On the torus quotients of Schubert varieties

TL;DR

This paper investigates the geometric invariant theory (GIT) quotients of Schubert varieties under torus actions, revealing conditions for smoothness, projective normality, and the structure of the quotients as projective spaces.

Contribution

It characterizes minuscule Schubert varieties with contained semistable loci, studies smoothness of torus quotients in Grassmannians, and proves projective normality of quotients in homogeneous spaces.

Findings

Semistable locus is contained in the smooth locus for certain minuscule Schubert varieties.

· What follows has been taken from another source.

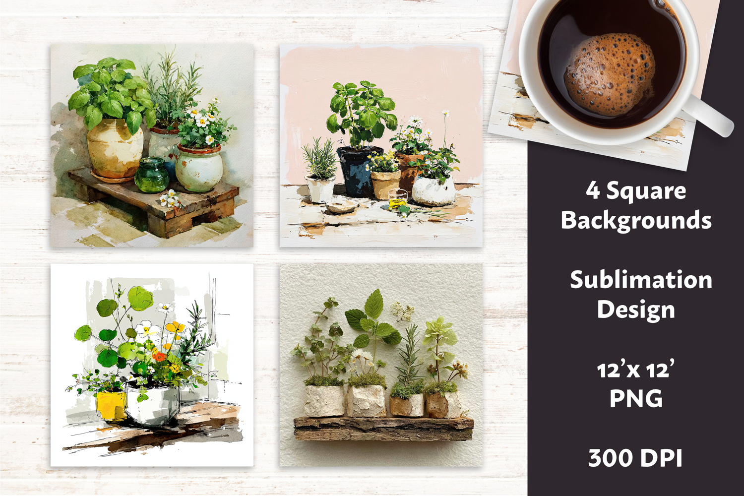 Bring the freshness of spring into your creative projects with this gentle watercolor botanical illustration featuring potted herbs — basil, rosemary, mint, and thyme — accented with tiny wildflowers. Painted in soft pastel greens and muted earth tones, this piece combines fine line-work with delicate watercolor washes and a subtle watercolor paper texture for an authentically hand-painted look.

Torus quotients of Schubert varieties in Grassmannians can be smooth under specific conditions.

Quotients in $SL(n, \\mathbb C)/P$ are projectively normal and isomorphic to projective spaces.

Abstract

In this paper, we consider the GIT quotients of Schubert varieties for the action of a maximal torus. We describe the minuscule Schubert varieties for which the semistable locus is contained in the smooth locus. As a consequence, we study the smoothness of torus quotients of Schubert varieties in the Grassmannian. We also prove that the torus quotient of any Schubert variety in the homogeneous space $SL(n, \mathbb C)/P$ is projectively normal with respect to the line bundle $\mathcal L_{\alpha_0}$ and the quotient space is a projective space, where the line bundle $\mathcal L_{\alpha_0}$ and the parabolic subgroup $P$ of $SL (n, \mathbb C)$ are associated to the highest root $\alpha_0$.